The Case of the Impoverished Janitor

Bui, Simonetti, Benson, Malek and Anderson

Published 11/3/2014

A 52-year-old man presents to a neighborhood health center for evaluation of intermittent

chest pressure. His symptoms started 2 weeks ago, worsen with exertion, last 10-15 minutes

and are associated with shortness of breath and diaphoresis.  He has not seen a doctor in many years.  He takes no medications, has smoked 1 pack per day for the last 35 years, and denies alcohol or drug use.  He currently works as a janitor at a ballpark, and is usually unemployed for 4-5 months each year.  He lives in a rented apartment in a run-down part of town. He was adopted and is uncertain of his family medical history.  His physical examination reveals BP 160/96, P 74, BMI 39. Cardiopulmonary exam is normal.  1+ pedal edema is noted with good distal pulses.  ECG shows normal sinus rhythm without ST-T change. You are concerned that his chest pain is angina and would like to refer him for further evaluation.  

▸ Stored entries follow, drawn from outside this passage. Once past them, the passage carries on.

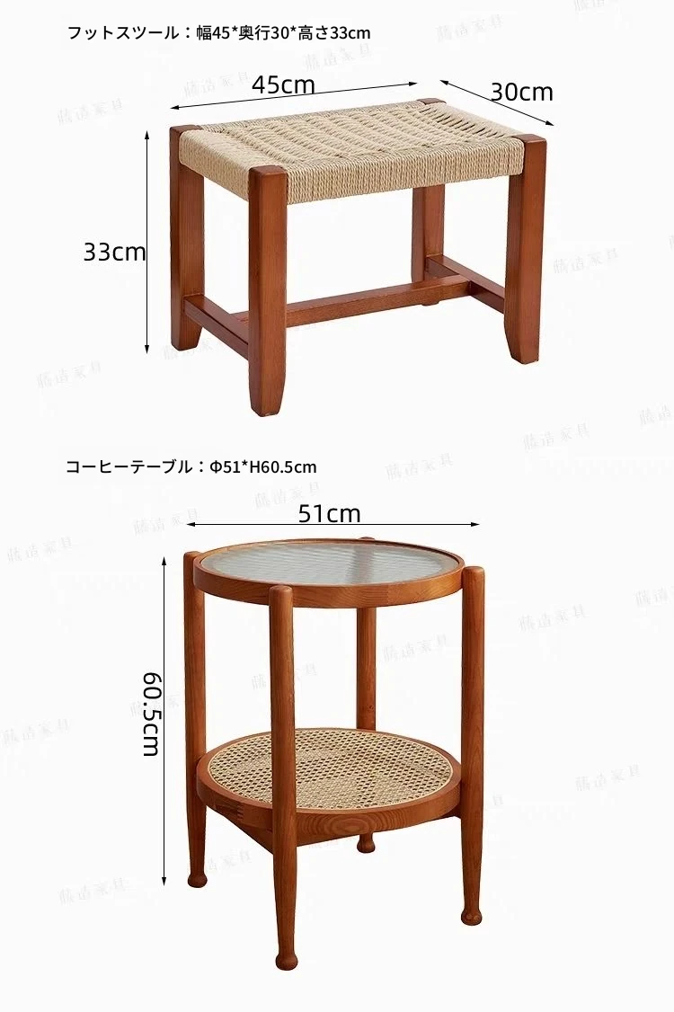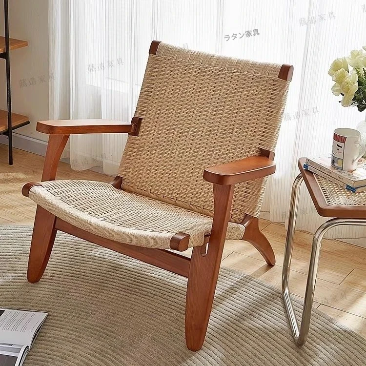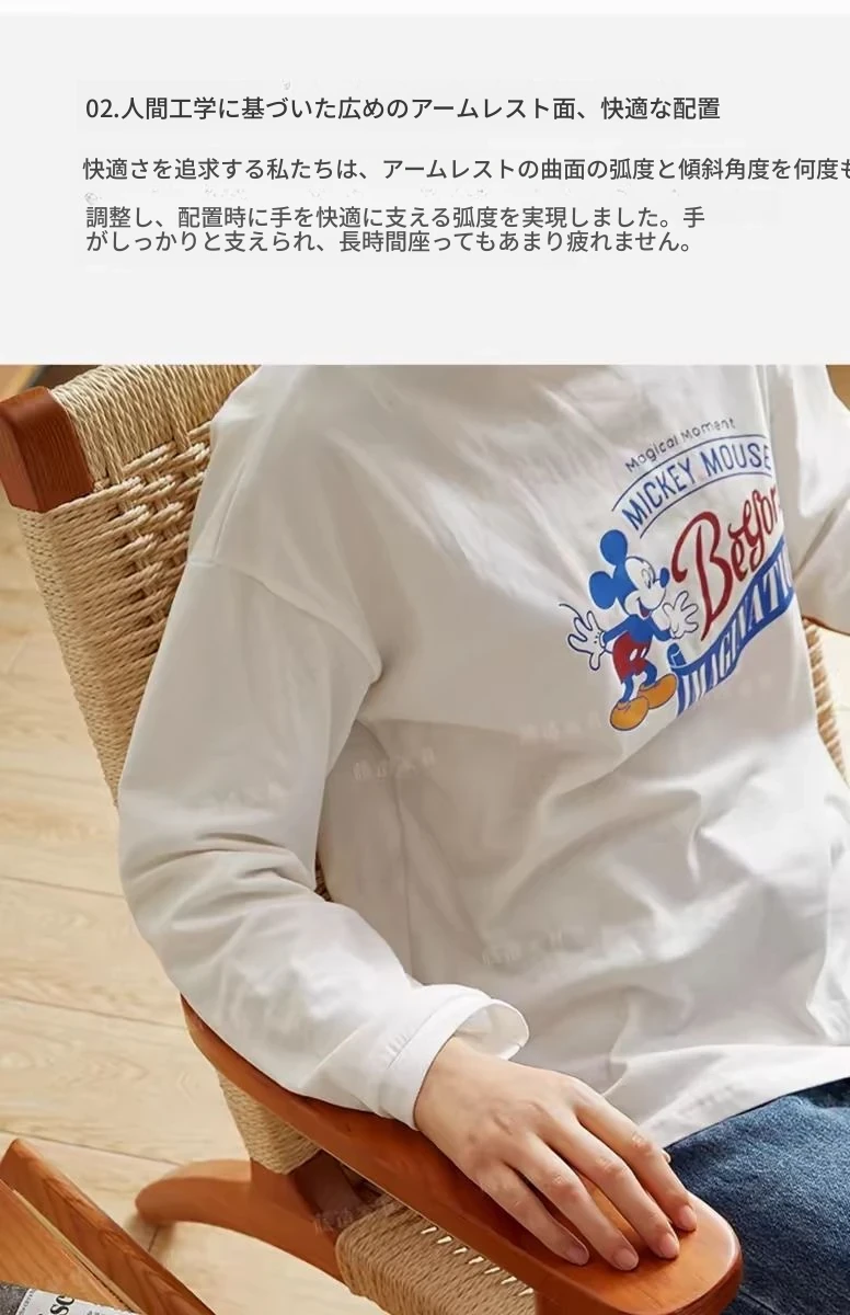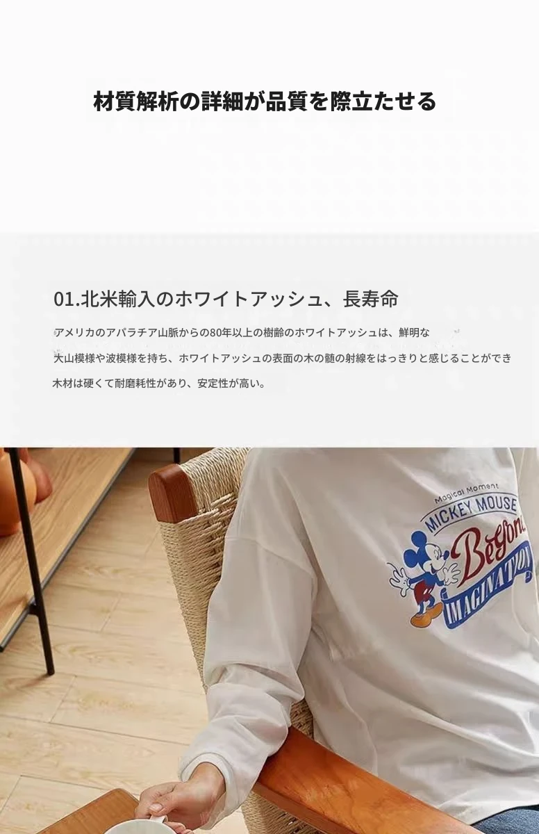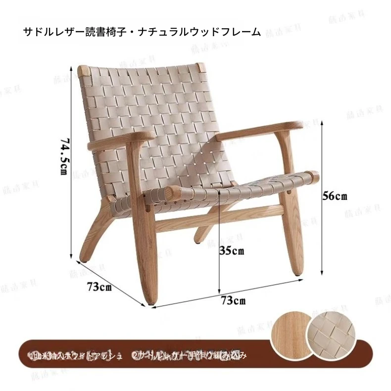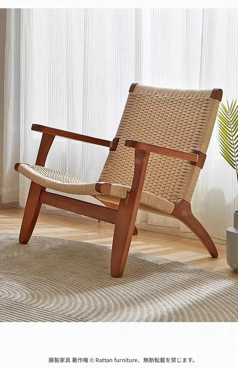 ホワイトアッシュ木製ソファチェア+(ダブル編み紐)+チェリー色
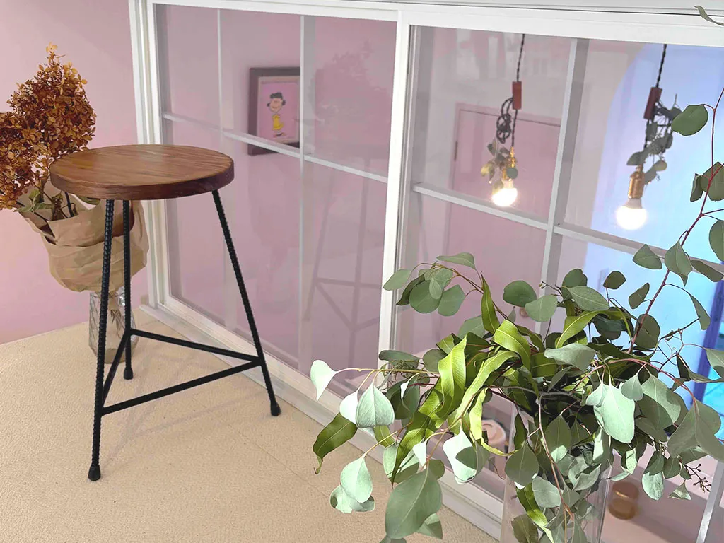 デザイナーズマンションのつくりを活かし、階段を少し上がった先に広がる当サロンは、まるで「秘密のアトリエ」のよう。
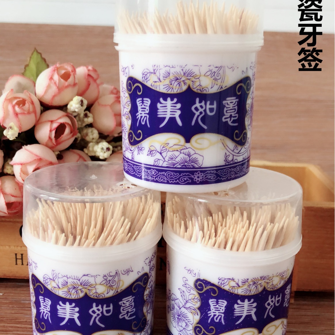 【半瓶】青花磁器のつまようじ桶につまようじを入れます。
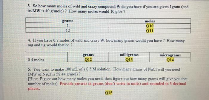 Solved 3 So How Many Moles Of Wild And Crazy Compound W Do Chegg Com
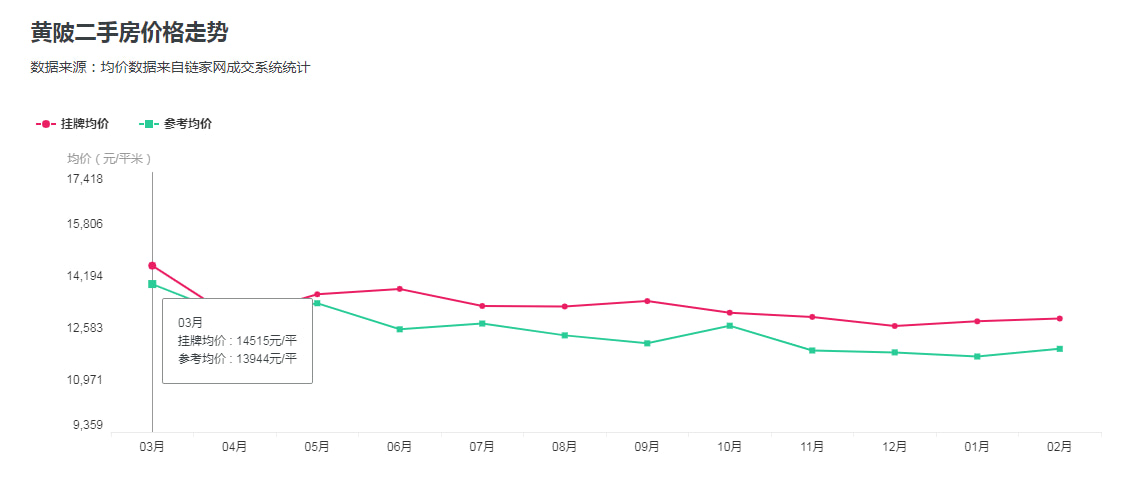 (2019年3月黄陂区成交均价为11631元/㎡,与2018年3月相差较大,均价同比下跌2313元/㎡)

Which of the following risk factors for ischemic heart disease is not included in current risk calculators—Framingham or ASCVD pooled cohort?

  1. Age

  2. Lack of primary care

  3. Hypertension

  4. Smoking

  5. Low socioeconomic status

  6. Cholesterol levels

What mechanism or pathway could account for its role in cardiovascular diseases?  Would this change your management, and how?

Fast fact:

Low socioeconomic status, including living in low-income neighborhoods, is independently predictive of cardiovascular disease and all-cause mortality.  For individuals from low socioeconomic backgrounds defined as <12 years of education or <$12,000 annual income, Framingham scores underestimated CVD risk by 24%.  The effects of SES on ASCVD risk calculated with the ACC/AHA Pooled Cohort Equations has not been established.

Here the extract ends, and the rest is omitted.